• [What you have to do]: What needs reproducing is the run of lines in the data below starting at the line with "Beim auspacken meiner" and ending at the line with "入股仅一年后,就有投资者选择", both ends included. Copy it exactly, without pictures, and add nothing.

• [Listed entries]:
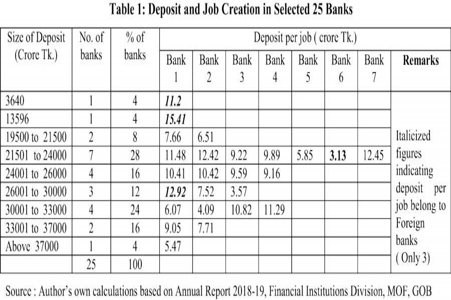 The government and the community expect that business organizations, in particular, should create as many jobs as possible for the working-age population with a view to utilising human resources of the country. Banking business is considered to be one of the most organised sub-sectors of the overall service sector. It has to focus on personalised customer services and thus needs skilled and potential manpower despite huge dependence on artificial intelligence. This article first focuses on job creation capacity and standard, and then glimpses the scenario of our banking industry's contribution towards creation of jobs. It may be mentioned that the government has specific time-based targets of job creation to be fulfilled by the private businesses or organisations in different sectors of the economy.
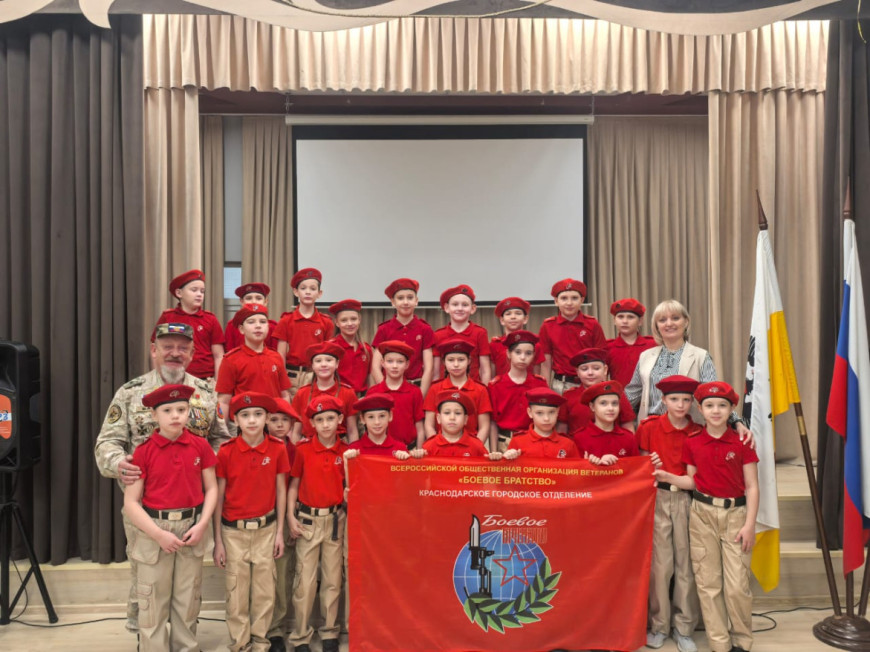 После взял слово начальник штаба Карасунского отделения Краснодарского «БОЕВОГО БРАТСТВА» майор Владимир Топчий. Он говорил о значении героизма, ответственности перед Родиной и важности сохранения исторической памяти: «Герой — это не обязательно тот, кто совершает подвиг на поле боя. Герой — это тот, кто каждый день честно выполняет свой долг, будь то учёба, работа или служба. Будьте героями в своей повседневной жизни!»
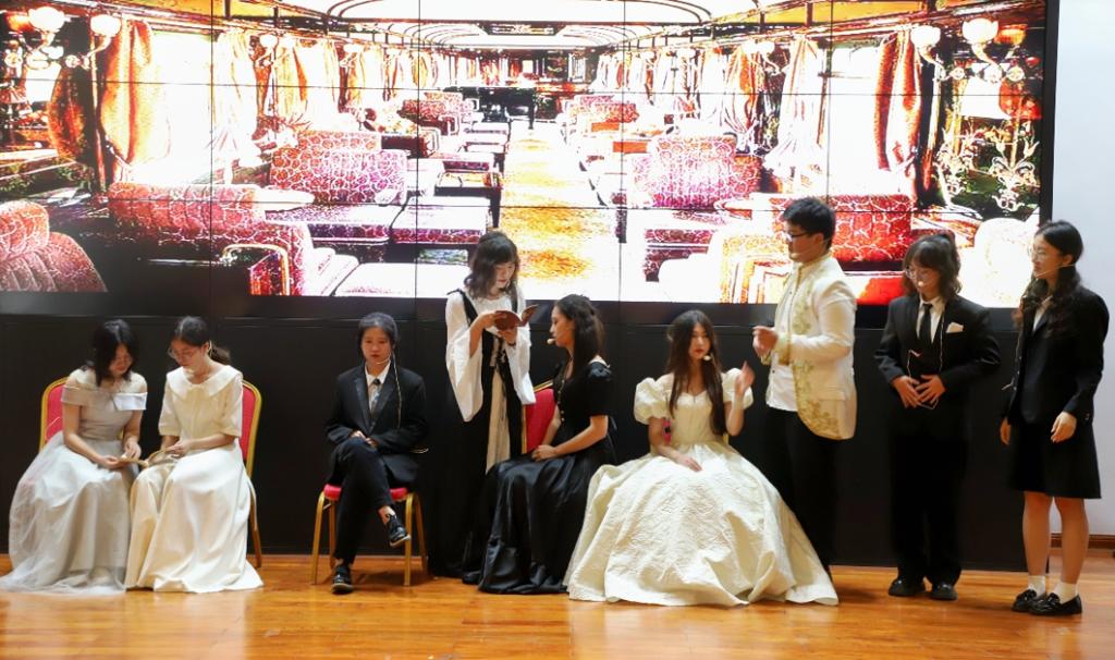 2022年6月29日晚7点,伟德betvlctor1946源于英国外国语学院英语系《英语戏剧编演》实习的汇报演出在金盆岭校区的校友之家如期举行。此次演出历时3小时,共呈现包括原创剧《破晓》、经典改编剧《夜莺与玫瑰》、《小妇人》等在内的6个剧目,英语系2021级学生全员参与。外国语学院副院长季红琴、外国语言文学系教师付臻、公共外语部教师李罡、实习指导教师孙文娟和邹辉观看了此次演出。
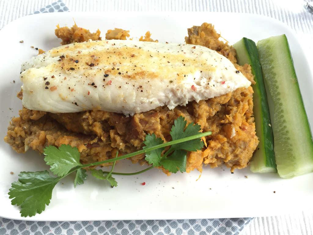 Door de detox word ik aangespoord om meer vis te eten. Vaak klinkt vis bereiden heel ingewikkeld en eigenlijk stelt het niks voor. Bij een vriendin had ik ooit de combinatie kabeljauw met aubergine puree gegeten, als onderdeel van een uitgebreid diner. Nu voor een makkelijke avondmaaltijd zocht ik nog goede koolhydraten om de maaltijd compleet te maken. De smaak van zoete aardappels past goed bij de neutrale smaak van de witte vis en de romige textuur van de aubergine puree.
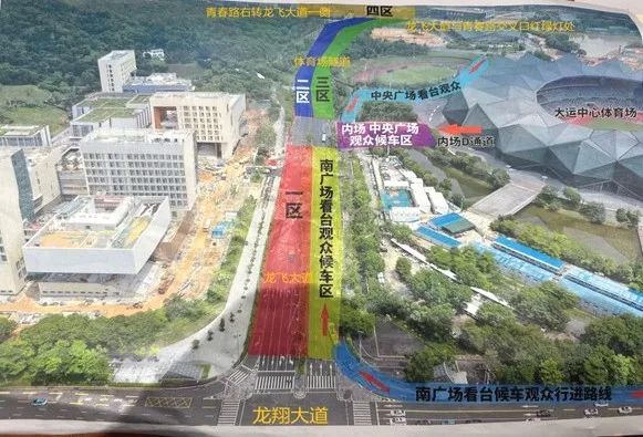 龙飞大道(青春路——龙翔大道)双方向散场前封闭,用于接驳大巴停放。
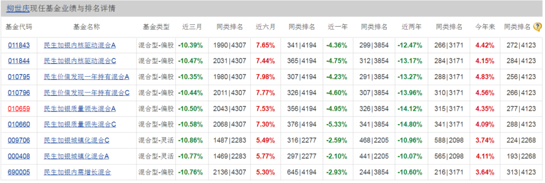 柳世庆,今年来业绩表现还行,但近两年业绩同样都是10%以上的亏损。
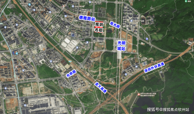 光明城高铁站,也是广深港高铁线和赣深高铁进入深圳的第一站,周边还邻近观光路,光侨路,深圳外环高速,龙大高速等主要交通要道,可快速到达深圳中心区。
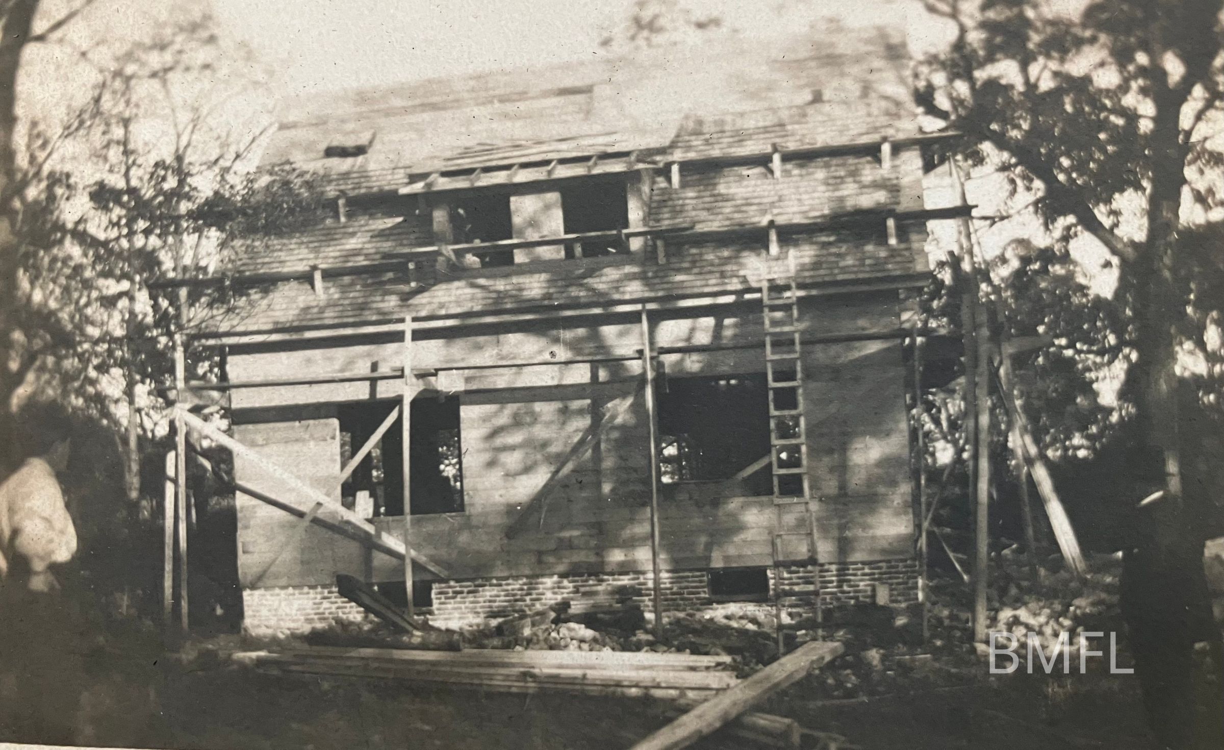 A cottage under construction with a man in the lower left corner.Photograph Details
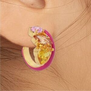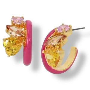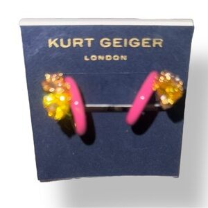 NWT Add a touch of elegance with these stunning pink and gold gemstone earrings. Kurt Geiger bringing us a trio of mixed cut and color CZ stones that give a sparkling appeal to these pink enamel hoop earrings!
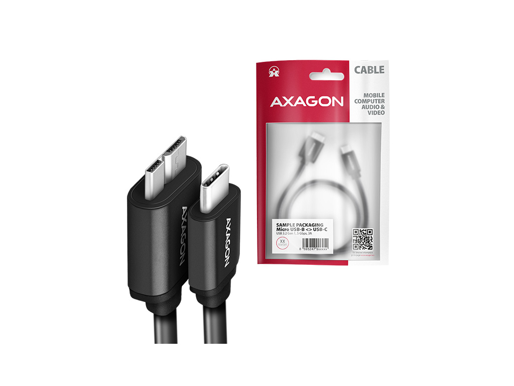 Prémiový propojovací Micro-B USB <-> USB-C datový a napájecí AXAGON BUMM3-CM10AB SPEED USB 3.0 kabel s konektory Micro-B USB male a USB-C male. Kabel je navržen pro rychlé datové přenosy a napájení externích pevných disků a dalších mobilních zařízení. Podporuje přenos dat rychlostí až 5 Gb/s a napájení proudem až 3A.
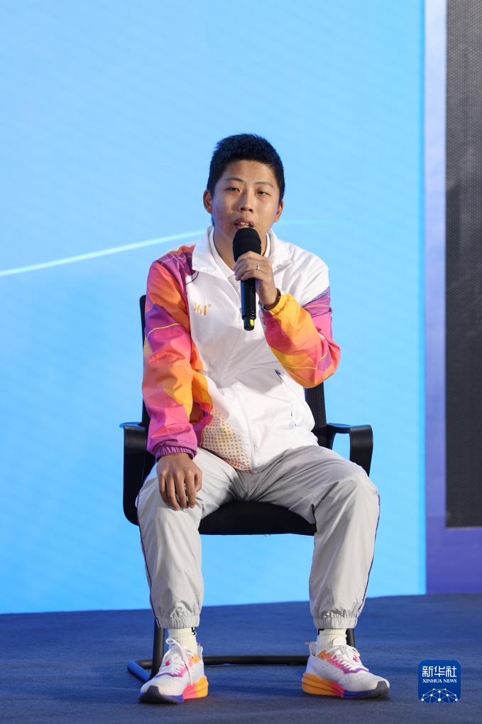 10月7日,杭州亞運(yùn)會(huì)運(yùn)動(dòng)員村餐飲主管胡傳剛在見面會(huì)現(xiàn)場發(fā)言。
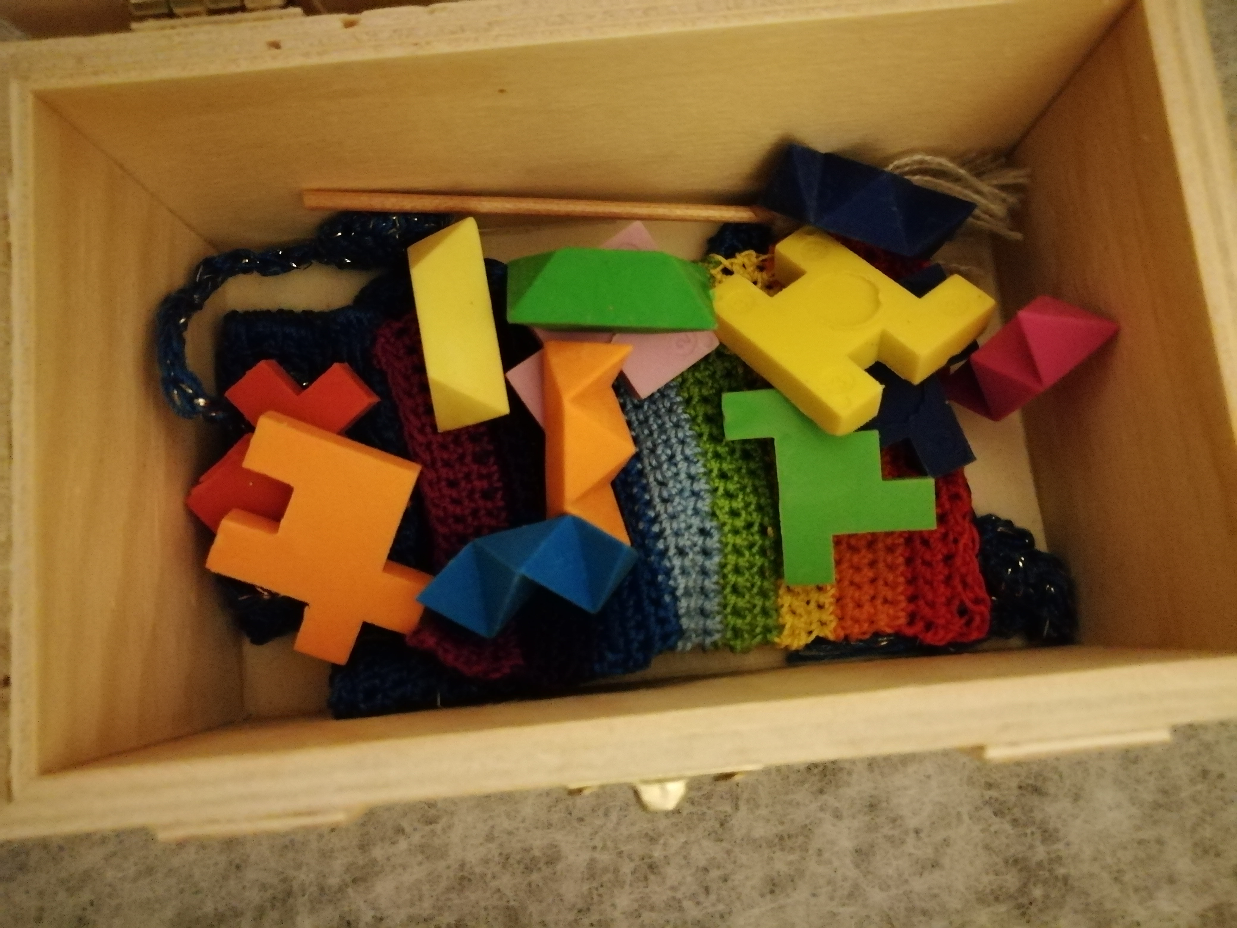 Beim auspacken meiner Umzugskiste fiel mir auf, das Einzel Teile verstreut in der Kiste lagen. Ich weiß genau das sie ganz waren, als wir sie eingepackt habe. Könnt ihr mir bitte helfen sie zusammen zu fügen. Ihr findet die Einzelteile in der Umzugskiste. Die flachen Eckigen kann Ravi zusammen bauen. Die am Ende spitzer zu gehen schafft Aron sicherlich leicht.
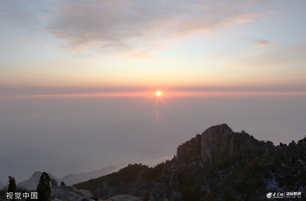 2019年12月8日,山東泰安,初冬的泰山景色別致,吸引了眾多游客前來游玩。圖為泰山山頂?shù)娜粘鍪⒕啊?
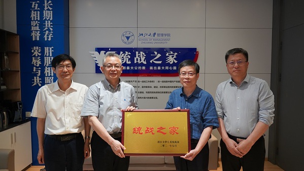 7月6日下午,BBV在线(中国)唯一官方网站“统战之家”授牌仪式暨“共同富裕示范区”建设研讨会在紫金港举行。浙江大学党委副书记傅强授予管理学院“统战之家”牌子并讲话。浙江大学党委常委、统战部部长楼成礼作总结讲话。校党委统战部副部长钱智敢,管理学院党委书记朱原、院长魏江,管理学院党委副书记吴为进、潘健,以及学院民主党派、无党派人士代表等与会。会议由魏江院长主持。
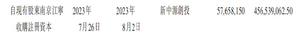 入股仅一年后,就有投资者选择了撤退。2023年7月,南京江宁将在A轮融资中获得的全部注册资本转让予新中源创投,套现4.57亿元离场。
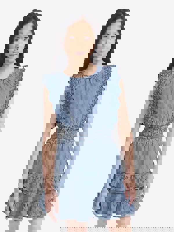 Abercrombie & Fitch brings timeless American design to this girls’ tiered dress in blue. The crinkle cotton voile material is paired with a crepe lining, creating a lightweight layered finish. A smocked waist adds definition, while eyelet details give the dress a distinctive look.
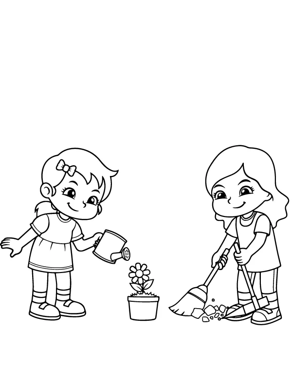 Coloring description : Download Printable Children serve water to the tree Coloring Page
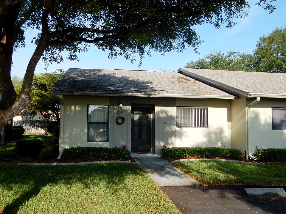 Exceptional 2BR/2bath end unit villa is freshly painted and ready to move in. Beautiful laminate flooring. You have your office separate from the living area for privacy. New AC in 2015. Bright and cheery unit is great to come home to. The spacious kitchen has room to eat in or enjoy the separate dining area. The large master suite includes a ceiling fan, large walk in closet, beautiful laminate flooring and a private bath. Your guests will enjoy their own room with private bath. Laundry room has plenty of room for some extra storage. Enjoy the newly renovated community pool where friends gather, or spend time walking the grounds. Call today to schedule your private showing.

• [Exercise response]:
 Beim auspacken meiner Umzugskiste fiel mir auf, das Einzel Teile verstreut in der Kiste lagen. Ich weiß genau das sie ganz waren, als wir sie eingepackt habe. Könnt ihr mir bitte helfen sie zusammen zu fügen. Ihr findet die Einzelteile in der Umzugskiste. Die flachen Eckigen kann Ravi zusammen bauen. Die am Ende spitzer zu gehen schafft Aron sicherlich leicht.
 2019年12月8日,山東泰安,初冬的泰山景色別致,吸引了眾多游客前來游玩。圖為泰山山頂?shù)娜粘鍪⒕啊?
 7月6日下午,BBV在线(中国)唯一官方网站“统战之家”授牌仪式暨“共同富裕示范区”建设研讨会在紫金港举行。浙江大学党委副书记傅强授予管理学院“统战之家”牌子并讲话。浙江大学党委常委、统战部部长楼成礼作总结讲话。校党委统战部副部长钱智敢,管理学院党委书记朱原、院长魏江,管理学院党委副书记吴为进、潘健,以及学院民主党派、无党派人士代表等与会。会议由魏江院长主持。
 入股仅一年后,就有投资者选择了撤退。2023年7月,南京江宁将在A轮融资中获得的全部注册资本转让予新中源创投,套现4.57亿元离场。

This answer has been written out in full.